What can we do about distractions and the dehumanizing effect it has on every person in the OR? While I appreciated the reports from the American College of Surgeons, I believe it fails to acknowledge the realities of the day. Our mobile devices have truly become life lines and silencing them or signing them out to the room would not prevent the other mechanisms (texts, emails, etc…) that people use to access us in the OR. However, we should all make an effort to reduce the noise coming from our phones. First, disable all the push notifications sent from some apps. It seems like every app that is installed vies for our attention aside from pager or text function, nothing else truly needs to intrude in the OR. In addition, a parking lot for our mobile devices should be created in the OR and rules should be set for what the circulator needs to respond to. The circulator has a critical job to do in the OR and it is not to respond to text messages from a significant other asking about dinner plans.

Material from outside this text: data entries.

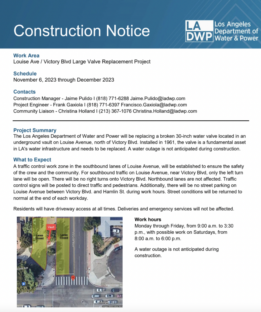 Louise Ave./Victory Blvd Large Valve Replacement Project November 6, 2023 – December 2023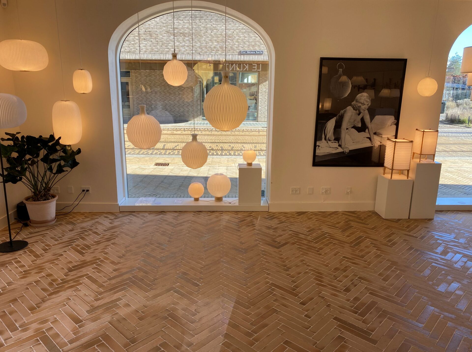 Praksis ArkitekterI september 2022 åbnede Le Klint butik i hjembyen Odense. Butikken ligger centralt placeret i Odenses nyeste kvarter: Odeon-kvarteret. I de smukke, centrale lokaler finder du alt hvad hjertet begærer når det kommer til lamper og smukt design. Her kan du få den ultimative oplevelse med fokus på håndværk og design. Et blikfang er ud over de smukke lamper også teglgulvet, som er den udendørs belægning, trukket ind i rummet.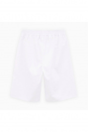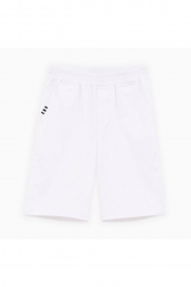 Белые шорты из твила. Модель прямого силуэта. Средняя посадка, мягкий эластичный пояс. Дополнены карманами-хулиганами. Лаконичный декор репсовой тесьмой. Можно позиционировать как модель унисекс.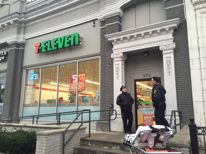 Officers seal off the crime scene at a 7-Eleven on Commonwealth Avenue near St. Paul Street on Boston University's campus Friday morning. (Photo: Andrea Asuaje/BU News Service)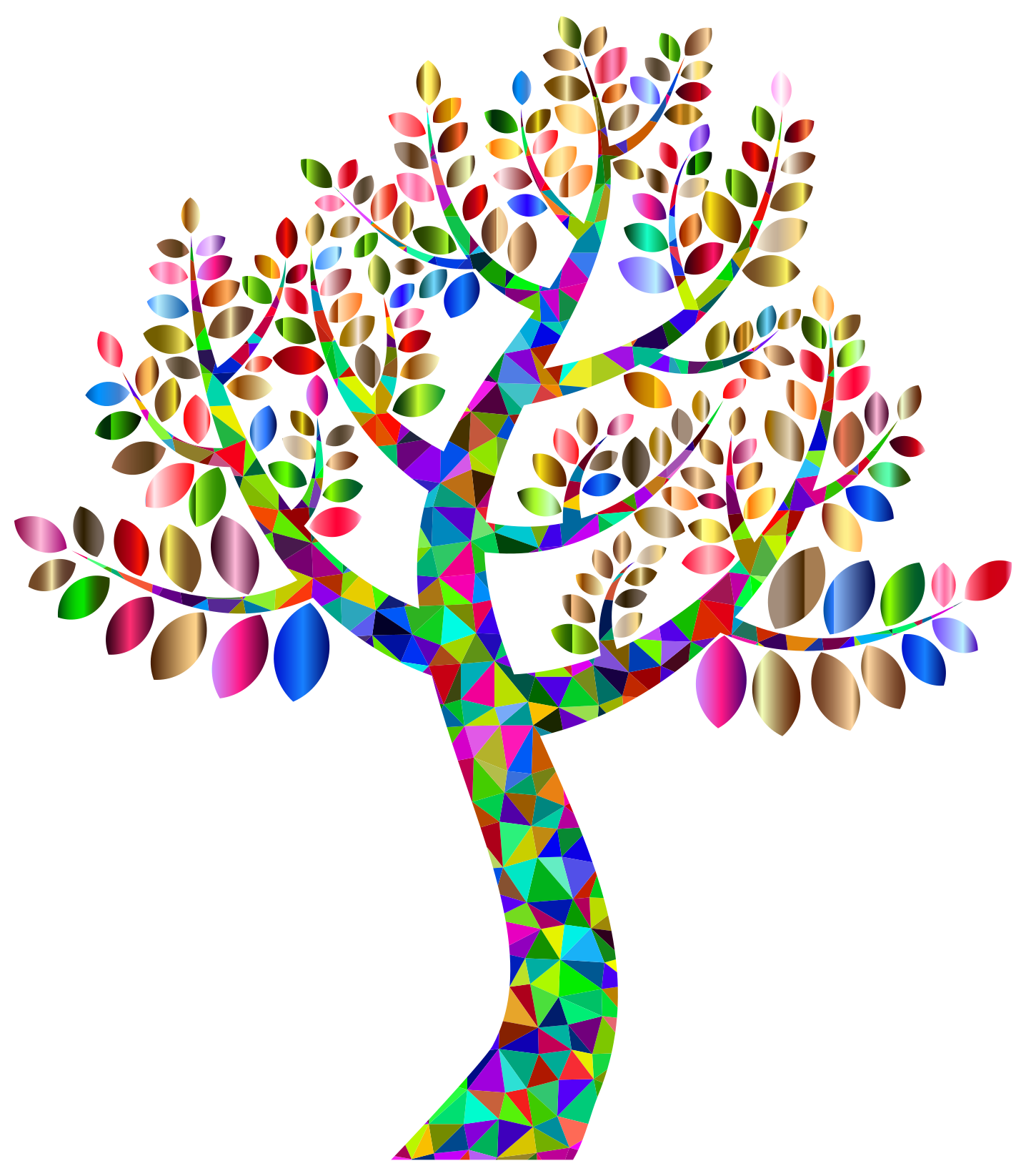 This features a vibrant tree made from abstract shapes, with the trunk being formed by various triangles in different shades of bright colors. These triangles are arranged to create an intricate and visually appealing design that resembles a tree branch. The tree is adorned with numerous leaves, each one varying in size and color, adding to its lively appearance. Overall, the image showcases a creative and artistic representation of a tree using abstract shapes and colors.

Dealing with the churn of people in the OR is somewhat more difficult but it starts with acknowledging the problem. Those in charge of patient flow need to understand the impact of the number and timing of breaks, of the number of learners that can be meaningfully served in any particular operating room, and not forget that we are here to care for patients. I plan to try a couple of experiments in this scenario. First, I will ensure that the patient is aware of every learner in the operating room. As surgeons, we explain the presence of residents and fellows as part of the consent process. Does the anesthesia team and circulating/scrub team make the patient aware of other learners in the OR? While we need to promote the teaching mission of academic medicine, there should be a reasonable limit on the number of people in the operating room. That number may vary but there is an upper limit. Finally, and perhaps most important we need to restore both the patient’s and our humanity to the operation. This starts with the surgical checklist. Team introductions should mean something. It should not mean that I am here for 15 minutes until my shift ends or that I can take a break during the critical portion of the surgery. It means that we all take accountability for the patient and each other. At one point, a colleague of mine suggested telling something meaningful about the patient during the surgical checklist. This could be simple like Mr. X is a retired high school math teacher with three children and 5 grandchildren or more applicable to the case such as Mrs. Y was diagnosed with invasive bladder cancer, was able to get through but struggled with her chemotherapy and hopes to be able to get back to her volunteer work once she has recovered from surgery.
I’m not trying to preach but I would suspect that if we re-inserted the human element into the OR instead of treating it like Grand Central Station it would pay dividends for efficiency, health care costs, improved outcomes and most importantly the very meaning of why we are here- to alleviate suffering. Thanks for reading and have a great week.